Lesser-Known National Parks, Forests, and Wilderness Areas: No Crowds

Instead of Badlands National Park (South Dakota)

Try: Buffalo Gap National Grassland (SD and NE)

The otherworldly badlands of the Midwest aren’t confined solely to Badlands National Park. There are plenty of sedimentary rock formations—and 85 percent less foot traffic—next door in Buffalo Gap National Grassland. Part of Nebraska National Forest, Buffalo Gap is one of 20 National Grasslands. Hike it, bike it, bring your horse and ride it. You don’t need a permit and it’s all free. Rock hunters should check out the Fairburn area near the French Creek Campground—the only developed campground in Buffalo Gap—or any eroded space in the 600,000 acres of impossibly open prairie. Create your own camp in places like Badlands Overlook (not to be confused with Big Badlands Overlook), about a mile north of Badlands and just south of Wall, SD. Wall is home to the Buffalo Gap National Grassland Visitor Center and the historic Wall Drug Store, a sprawling roadside attraction where you can stock up on souvenir shot glasses and “Where the Heck Is Wall Drug” bumper stickers. Tired of trail mix? Sample the South Dakota– specific chislic (marinated and fried cubes of sirloin) at Badlands Saloon & Grille.

Lush forested area with river

Buckhorn shares the same lush, rugged setting as Olympic National Park without all the foot traffic. The must-do trek here is a 12-miler with 4,000 feet of elevation gain.
Don Geyer/Alamy

Instead of Olympic National Park (Washington)

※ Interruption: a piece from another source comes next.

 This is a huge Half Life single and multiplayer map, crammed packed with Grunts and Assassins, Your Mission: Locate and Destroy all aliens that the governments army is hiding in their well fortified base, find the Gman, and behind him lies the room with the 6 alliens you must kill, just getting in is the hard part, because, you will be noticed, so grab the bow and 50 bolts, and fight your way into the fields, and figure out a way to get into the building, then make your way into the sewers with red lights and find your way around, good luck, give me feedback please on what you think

Buckhorn Wilderness (Washington)

The largest of five wilderness areas in Olympic National Forest, Buckhorn runs along the eastern boundary of Olympic National Park. Same majestic mountain range, fewer people, no permit necessary and you can bring your dog. Besides 216 private acres that are part of a patented mining claim, Buckhorn is 44,000 acres of streams, fir, pine and seriously steep terrain, topping out at the summit of 7,135-foot Mount Fricaba. The Upper Big Quilcene Trail (UBQ) is where you’ll be taking The Hike—a challenging 12-mile out-and-back trek with 4,000 feet of elevation gain. Take your time and plan to camp at Marmot Pass, Boulder Camp or Camp Mystery along the way. Buckhorn is warmest and driest in August, but this is Washington state, people: Marmot Pass and Camp Mystery may have snow on the ground until mid-July. Don’t stop exploring once you get back to your car. Lean into the Nordic roots of Kitsap Peninsula, about an hour’s drive from the UBQ trailhead, during a waterfront stroll along the shops and galleries of Poulsbo’s Little Norway. Carb back up with a crisp Kölsch in the recently opened tap room at Echoes Brewing.